┏━━
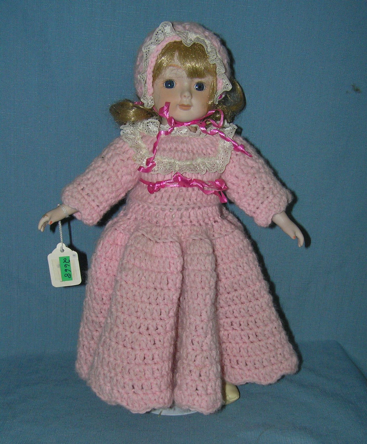 Porcelain doll with pink wool dress and hat and built in music box est. value $75.00-$100.00
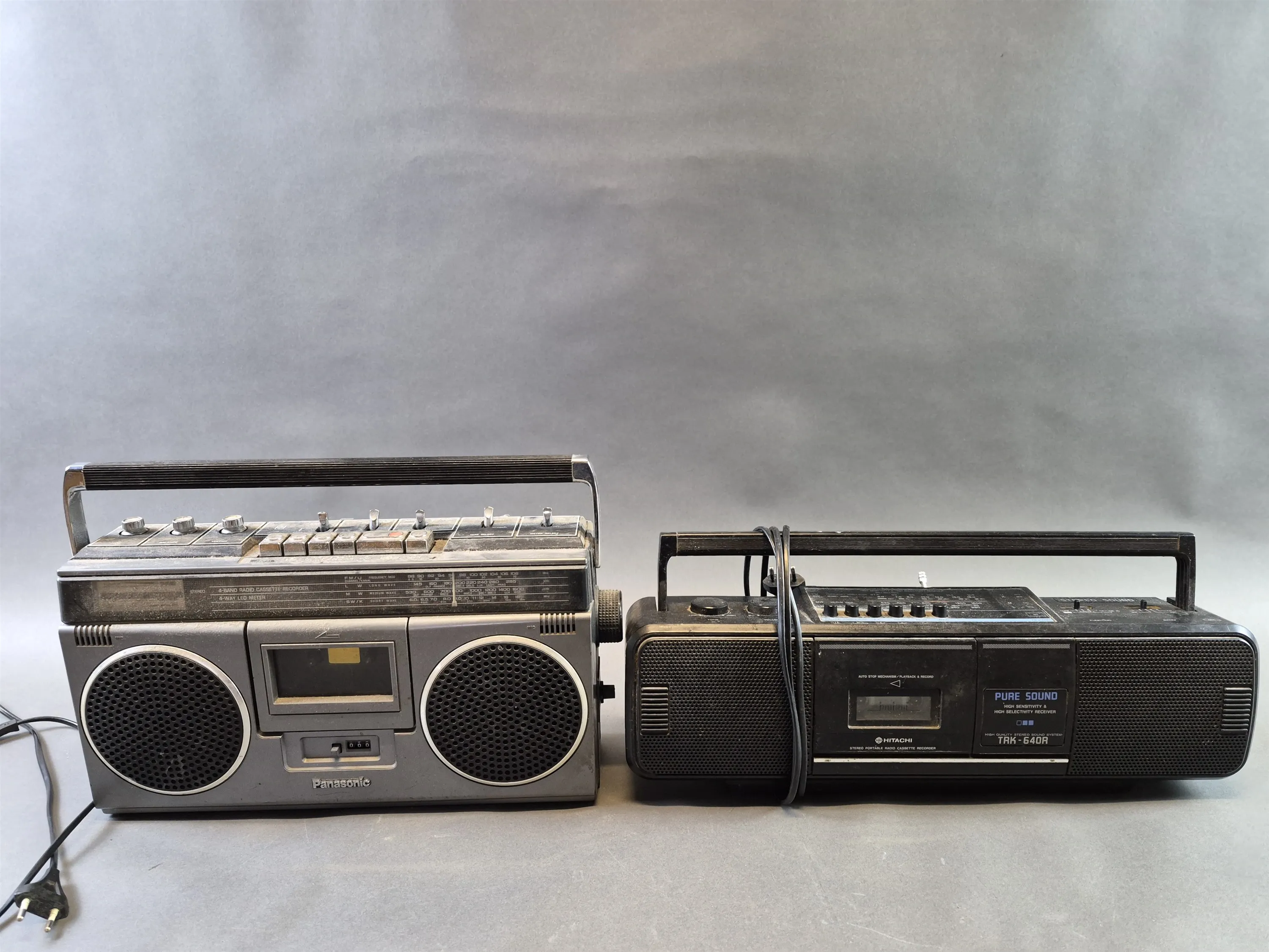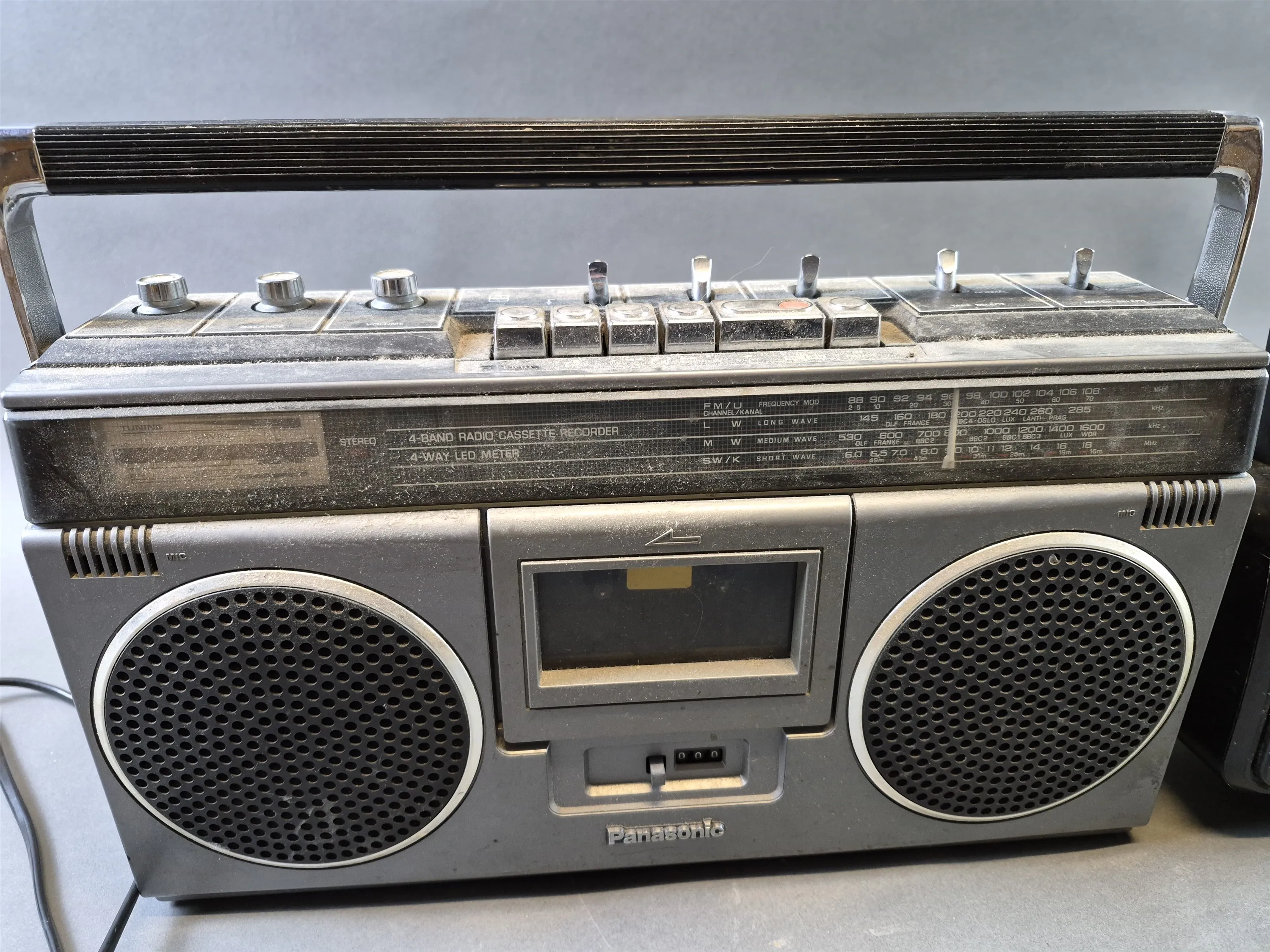 19993. Stereos 2 st bla Panasonic, smutsiga, ej testade, längsta mått 48 cm
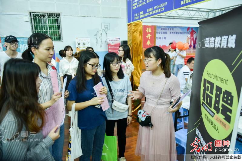 2019年9月4日,8868官方网站体育馆,招聘工作人员在跟应聘者介绍公司的情况。
┗━━
**WORK TO BE COMPLETED**.
Transcribe the whole listing exactly. Pictures stay out of your copy.

**WRITTEN SOLUTION**.
 Porcelain doll with pink wool dress and hat and built in music box est. value $75.00-$100.00
 19993. Stereos 2 st bla Panasonic, smutsiga, ej testade, längsta mått 48 cm
 2019年9月4日,8868官方网站体育馆,招聘工作人员在跟应聘者介绍公司的情况。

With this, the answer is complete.